◆ **Data provided**:
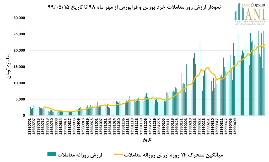 ارزش معاملات خرد سهام در بورس و فرابورس در پایان روز معاملاتی 99/05/15 حدود 21،045 میلیارد تومان و میانگین 14 روزه ارزش معاملات خرد سهام در این تاریخ حدود 21،864 میلیارد تومان بوده است.
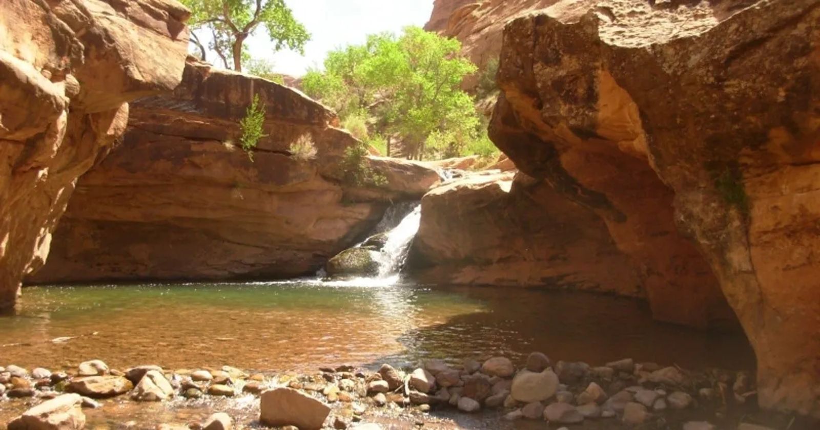 The start of this hike is just outside of Moab. Getting out of the car, and starting along the trail, it won't take you very long at all to get to the first swimming hole and waterfall (man made). If you are looking for just a quick dip to get cool, go ahead and spend some time here to cool off a bit. Make sure to keep going up the canyon, you will find more swimming holes, waterfalls, and see some native american petroglyphs on the cliff side.
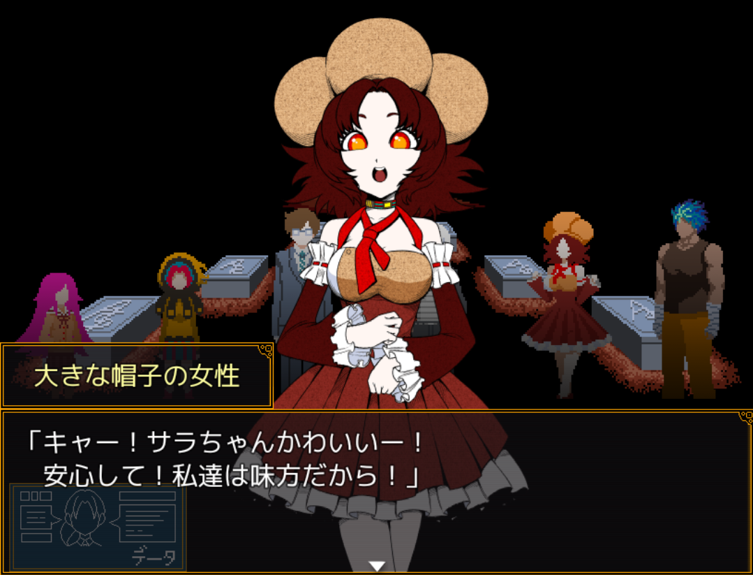 큰 모자를 쓴 여성 "꺄ー! 사라 쨩 귀여워ー! 안심해! 우리들은 아군이니까!"
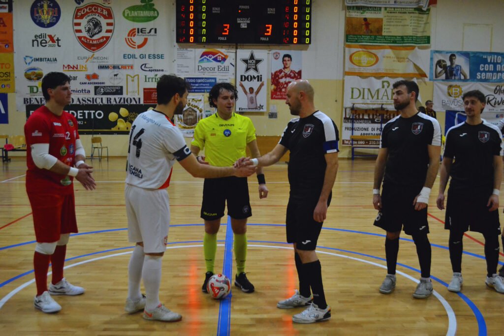 Neanche il tempo di fischiare l’inizio del secondo tempo e Pestrichella, prima semina il panico sull’out di sinistra, poi serve a Lorusso Pasquale l’assist del 4-0. Pestrichella assoluto protagonista anche al settimo: ruba palla ad un avversario, si invola sulla fascia destra e serve Santacroce al centro, che insacca il gol del 5-0. Al 12’ Santacroce colpisce il legno, ma sulla ribattuta arriva Forte, che ribadisce in rete il 6-0. La settima rete altamurana nasce da un’ invenzione di Forte: pallonetto preciso per Santacroce, che aggancia a pochi passi da Rizzi e lo batte con un destro forte e preciso. Una distrazione difensiva costa il gol degli ospiti, che arriva con Romagno al 19’ dopo una bella parata di Vitale su tiro di Spinelli. Vitale si spinge oltre la linea di centrocampo, cede la palla a Maiullari, filtrante per capitan Gramegna, che manda all’incrocio dei pali la palla del 8-1. A due minuti dalla fine, Pestrichella, ombre del partido senza alcun dubbio, serve il suo quarto assist di giornata a Gramegna Felice, che realizza la rete del definitivo 9-1.

◆ **What the exercise asks**:
Give the data above again, exactly and completely. No pictures go in.

◆ **Exercise response**:
 ارزش معاملات خرد سهام در بورس و فرابورس در پایان روز معاملاتی 99/05/15 حدود 21،045 میلیارد تومان و میانگین 14 روزه ارزش معاملات خرد سهام در این تاریخ حدود 21،864 میلیارد تومان بوده است.
 The start of this hike is just outside of Moab. Getting out of the car, and starting along the trail, it won't take you very long at all to get to the first swimming hole and waterfall (man made). If you are looking for just a quick dip to get cool, go ahead and spend some time here to cool off a bit. Make sure to keep going up the canyon, you will find more swimming holes, waterfalls, and see some native american petroglyphs on the cliff side.
 큰 모자를 쓴 여성 "꺄ー! 사라 쨩 귀여워ー! 안심해! 우리들은 아군이니까!"
 Neanche il tempo di fischiare l’inizio del secondo tempo e Pestrichella, prima semina il panico sull’out di sinistra, poi serve a Lorusso Pasquale l’assist del 4-0. Pestrichella assoluto protagonista anche al settimo: ruba palla ad un avversario, si invola sulla fascia destra e serve Santacroce al centro, che insacca il gol del 5-0. Al 12’ Santacroce colpisce il legno, ma sulla ribattuta arriva Forte, che ribadisce in rete il 6-0. La settima rete altamurana nasce da un’ invenzione di Forte: pallonetto preciso per Santacroce, che aggancia a pochi passi da Rizzi e lo batte con un destro forte e preciso. Una distrazione difensiva costa il gol degli ospiti, che arriva con Romagno al 19’ dopo una bella parata di Vitale su tiro di Spinelli. Vitale si spinge oltre la linea di centrocampo, cede la palla a Maiullari, filtrante per capitan Gramegna, che manda all’incrocio dei pali la palla del 8-1. A due minuti dalla fine, Pestrichella, ombre del partido senza alcun dubbio, serve il suo quarto assist di giornata a Gramegna Felice, che realizza la rete del definitivo 9-1.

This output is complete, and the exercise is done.